3.2. Deep Learning (DL)
DL is a subset of ML but is more complex and usually adopts multilayer neural network architectures to learn the intricate patterns from vast amounts of data. A detailed review is listed in
Table 3 at the end of this subsection.
Convolutional Neural Network (CNN) with 20 layers achieved an accuracy of 99.9%, an F1-score of 85.71%, a precision of 93% and an AUC of 98% (
Alarfaj et al., 2022) while Continuous-Coupled Neural Network (CCNN) with Synthetic Minority Over-sampling Technique (SMOTE) achieved an accuracy of 99.98%, a precision of 99.96%, a recall of 100%, and an F1-score of 99.98% (
Wu et al., 2025). CNN was designed to automatically extract spatial features from image data via convolutional layers with learnable filters, while CCNN improved the representation of intricate spatiotemporal patterns by continuous neuron activation and dynamic coupling.
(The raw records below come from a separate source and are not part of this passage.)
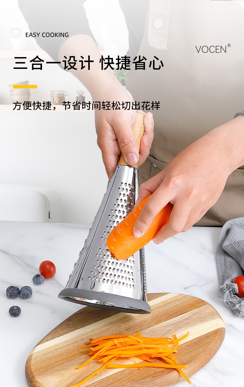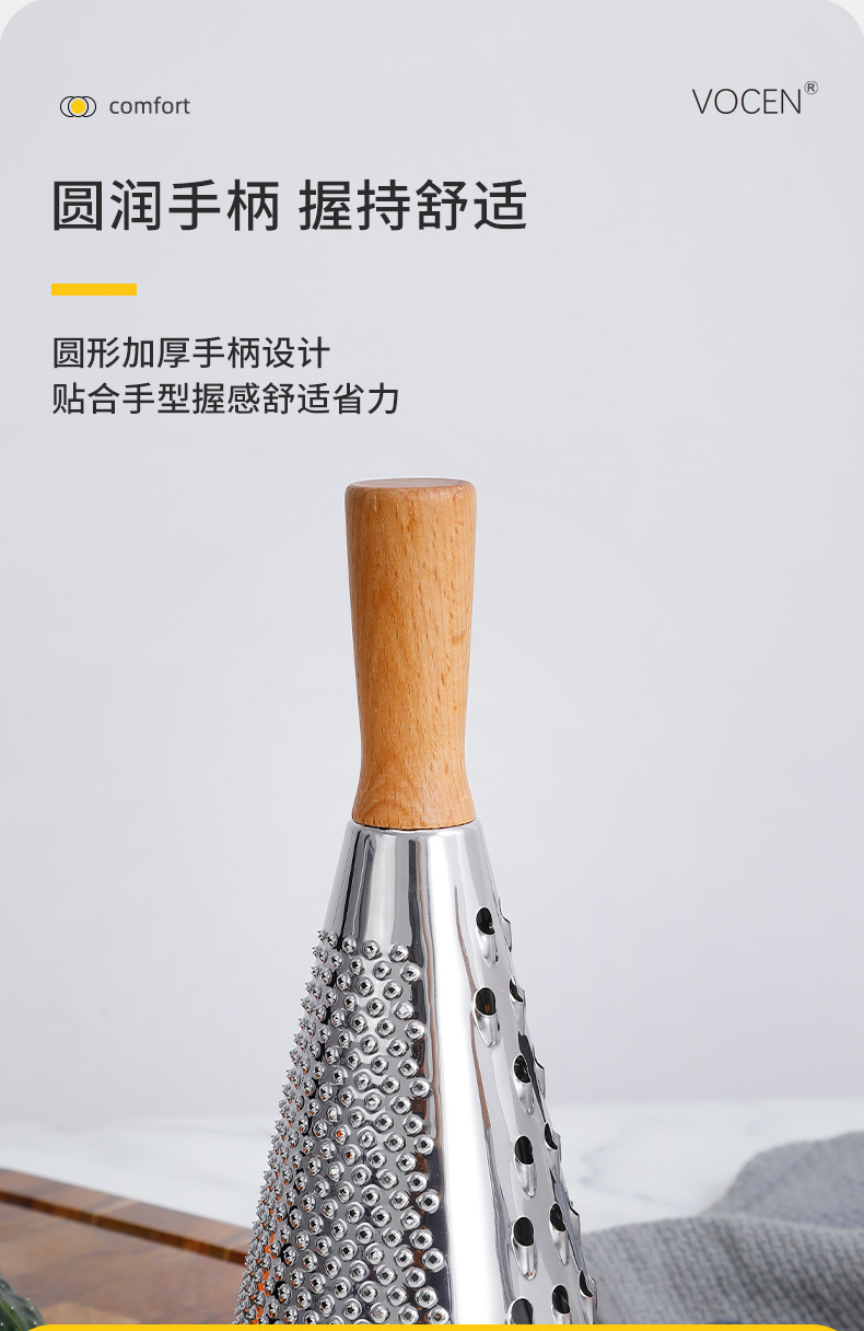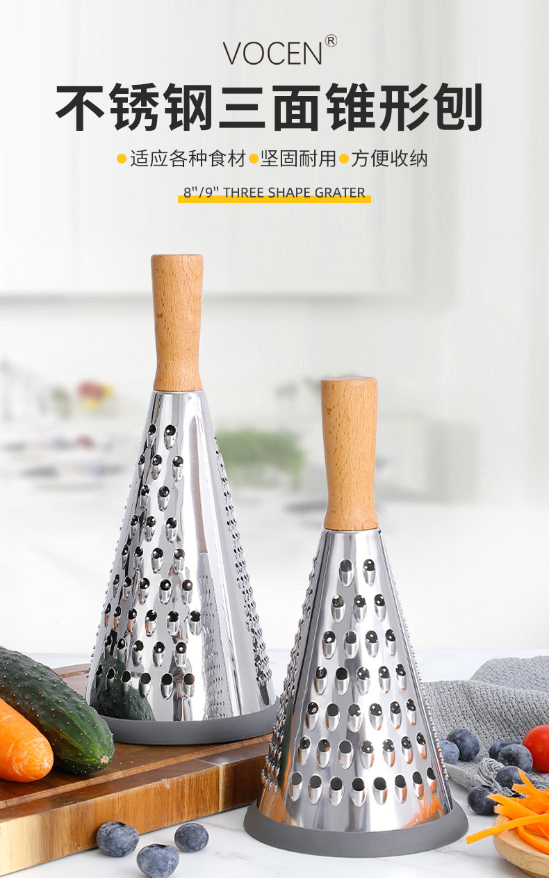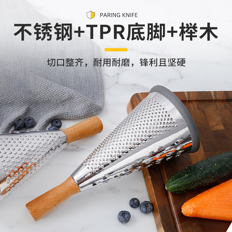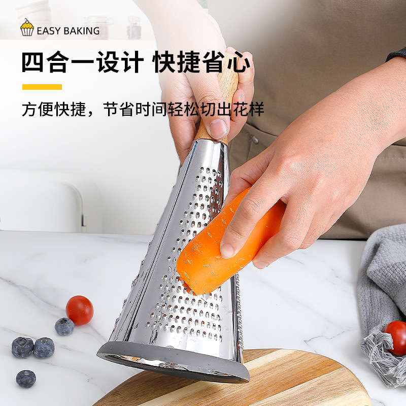 芝士刨土豆刨丝器家用厨房三面圆锥刨多功能擦丝器木柄蔬菜刨丝器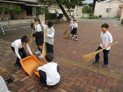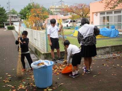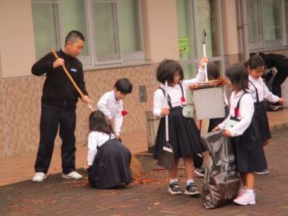 昨日からの強風で校庭にたくさんの木の葉が落ちました。登校した児童が進んで清掃活動をしてくれています。ボランティア清掃をしてくれる子供たちが増えてきました。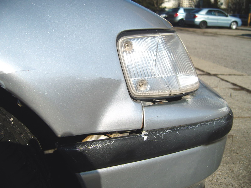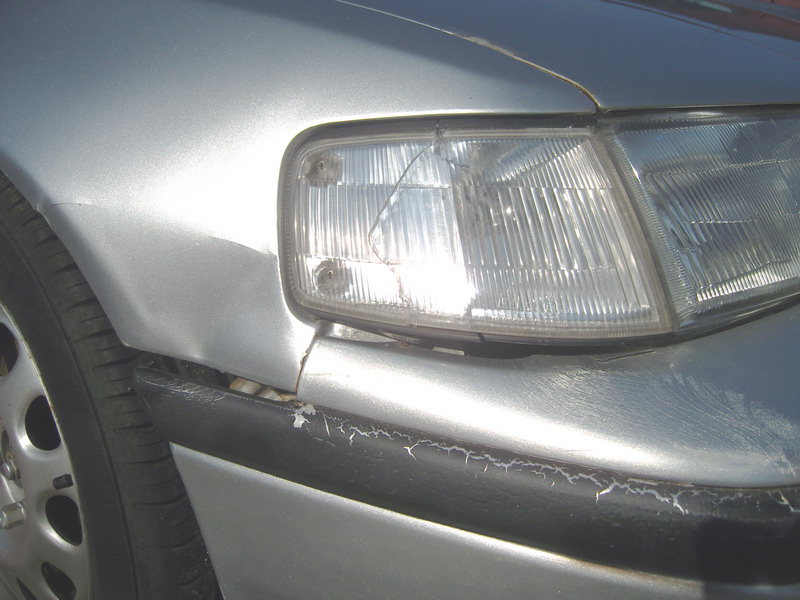 Popraskaná pozička, zlomený blatník (na foto už ako tak vyrovnaný rukou), moje už tak nudzové uchytenia nárazníku v ... a čo je najhoršie tie packy pozičky ten tlak vydržali a odtrhli kus okuliarov do ktorých zapadaju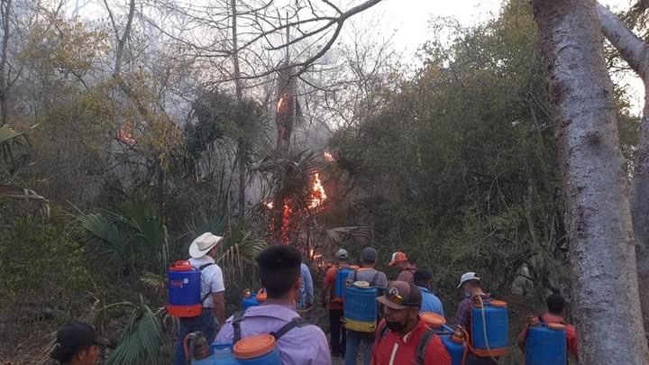 Tras la detección de un incendio forestal en los límites de la comunidad de el huizache .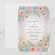 Esta obra de arte apresenta uma estética de aquarela suave e romântica, apresentando papoulas cor de pêssego, rosas cor-de-rosa e hortênsias azuis. Os elementos florais são complementados por folhagens verde-sage e colocados contra um fundo sonhador de lavagens de lavanda e bege. Este design etéreo captura um espírito vibrante e artístico perfeito para um tema floral de primavera sazonal.
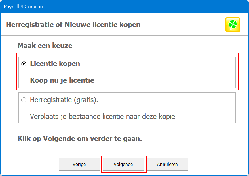 4. Selecteer de optie "Licentie kopen" en klik op "Volgende".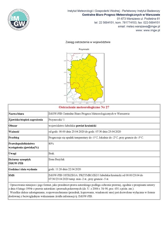 Od godz. 00:00 dnia 23.04.2020 do godz. 07:30 dnia 23.04.2020 prognozuje się spadek temperatury do -1°C, lokalnie do -2°C, przy gruncie do -5°C.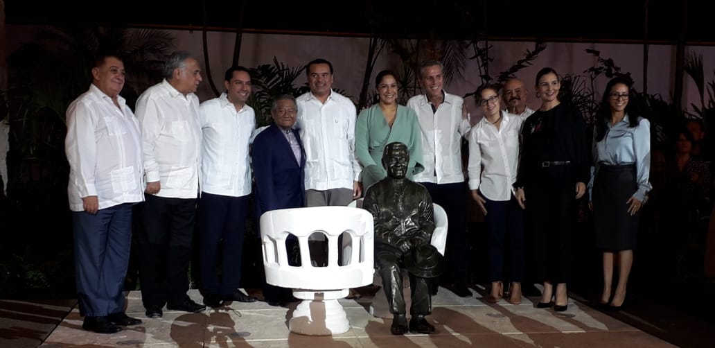 Llegó vistiendo un traje azul y acompañado de su esposa; a su lado estuvieron el gobernador del Estado de Yucatán, Mauricio Vila Dosal y el secretario de Turismo federal, Miguel Torruco Marqués, además acudieron políticos y empresarios locales.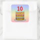 This upbeat and joyful birthday themed square sticker design features a cartoon-style depiction of a three-tier birthday cake having number-shaped candles on top showing the age “10“, along with the message “HAPPY 10TH BIRTHDAY,”, and a custom recipient name. The background has a multi-colour pastel rainbow spectrum inspired gradient pattern. Birthday themed stickers like these might be used or distributed at a party celebrating somebody’s 10th birthday, or perhaps used when preparing invitations or wrapping presents/gifts for such an event. [~Z0000624]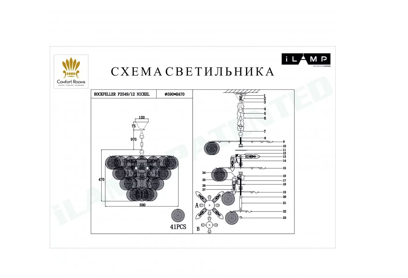 Подвесная люстра каскадная Rockfeller P2549-12 NIC от российского бренда iLamp исполнена в цвете никель из металла. Модель имеет плафон из стекла и подходит для размещения на потолке в гостиной, спальне, кухне, кабинете в стиле модерн. Лампочки с цоколем 12xE14 имеют мощность 480W и освещают площадь до 24 кв. м. Напряжение питания 220V. Дополнительные опции: регулировка по высоте, возможность подключения диммера. Монтаж производится на металлический крюк. Диаметр — 590 мм. Заказывайте iLamp Rockfeller P2549-12 NIC онлайн по низкой цене с гибкими условиями доставки на Fedomo.ru!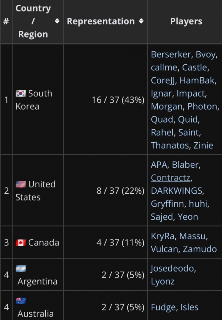 值得一提的是,该博主的美国选手一栏中,Hhi、Yeon为韩裔,Blaber、Darkwings为华裔、Gryffinn为越南裔。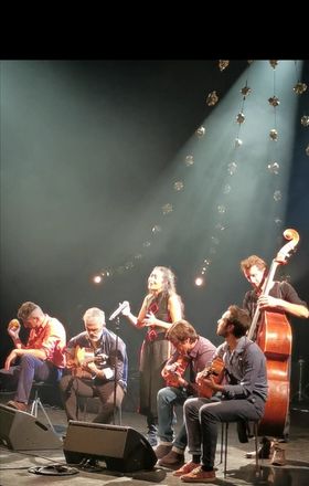 Et des chansons, il y en a eu. Et quelles chansons ! Elles ont été choisies par les cinq garçons, parmi toutes celles d’Amélie. En majorité des chansons d’amour car sous leurs airs de durs, les garçons ont le cœur tendre. Ainsi, c’était l’occasion de découvrir certains morceaux en « live » (« Fuseau horaire ») et d’en redécouvrir d’autres parés de nouvelles orchestrations (« Marchons », « Mes très chers », « Elisabeth »). Ce fut un plaisir de les voir s’envoler sur le rythme endiablé du jazz manouche. Les Doigts de l’homme maîtrisent leurs instruments à la perfection et leur complicité est clairement palpable.

These strong results demonstrate their efficacy in processing financial transaction data.
Yu et al. (
2024) adopted the Transformer model, a deep learning architecture originally developed for natural language processing tasks on financial transaction datasets. The transformer model with a multi-head attention mechanism successfully captured the intricate correlations between attributes of financial transaction datasets and obtained a recall of 99.8% and an F1-score of 99.8% under cross-validation. These state-of-the-art DL algorithms, particularly CCNN and Transformer, demonstrated impressive performance due to their inherently robust architectures. However, the substantial computational resources required for training and classifying, along with challenges in interpretability, hinder these methods from becoming the most effective solution for mitigating financial risks associated with transaction fraud in real-world systems.
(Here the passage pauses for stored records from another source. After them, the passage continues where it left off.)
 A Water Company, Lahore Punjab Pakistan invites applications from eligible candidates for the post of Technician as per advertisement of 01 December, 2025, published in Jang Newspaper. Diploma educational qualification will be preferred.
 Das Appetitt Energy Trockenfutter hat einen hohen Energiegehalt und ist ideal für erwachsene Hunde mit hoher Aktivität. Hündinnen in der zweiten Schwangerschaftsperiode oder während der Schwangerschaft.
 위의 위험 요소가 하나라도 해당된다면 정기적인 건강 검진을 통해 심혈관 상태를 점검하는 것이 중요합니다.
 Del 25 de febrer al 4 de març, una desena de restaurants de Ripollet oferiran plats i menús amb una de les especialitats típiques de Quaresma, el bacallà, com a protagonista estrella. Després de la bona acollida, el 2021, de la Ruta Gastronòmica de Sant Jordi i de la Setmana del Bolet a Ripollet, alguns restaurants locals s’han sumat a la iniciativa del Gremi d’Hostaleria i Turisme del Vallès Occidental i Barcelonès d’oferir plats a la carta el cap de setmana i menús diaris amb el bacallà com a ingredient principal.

Graph Neural Networks (GNNs) captured researchers’ interests in transaction fraud detection (
Cherif et al., 2024;
Harish et al., 2024;
Khaled Alarfaj & Shahzadi, 2025). In the financial fraud context, unlike other techniques that only consider single transactions, GNNs usually transform tabular datasets into graphs with customer nodes and merchant nodes and link nodes to uncover the intricate relations and behavior patterns between customer (transaction initiator), merchant (transaction receiver), and transactions before classification. GNNs with lambda architecture—which processes large-scale data through a combined batch and real-time structure—achieved an F1-score of 80.78% and a recall of 79.68% (
Khaled Alarfaj & Shahzadi, 2025). In contrast, GNNs with Relational Graph Convolutional Network (RGCN), used to learn node representations, achieved a lower F1-score of 61% and a recall of 46% (
Harish et al., 2024).
Cherif et al. (
2024) proposed an encoder–decoder-based GNN model to detect transaction fraud. The encoder–decoder architecture was applied to represent the nodes, and the proposed model yielded better results than the previous two studies, achieving a recall of 92%, an F1-score of 86%, and an AUC of 92%. Overall, GNNs demonstrate lower performance relative to other DL algorithms. The effectiveness of GNNs in transaction fraud detection needs further investigation, as poor performance may lead to increased operational risk.
3.3. Ensemble Method
Ensemble methods are learning algorithms that construct two or more classifiers (also called weak learners) and then classify new data points by averaging, stacking, or taking a (weighted) vote of their predictions (
Dietterich, 2000). They balance bias and variance of weak learners and usually yield a more robust result, improving overall performance compared to any single constituent model. Ensemble could be a powerful tool to combat financial risk in the context of transaction fraud.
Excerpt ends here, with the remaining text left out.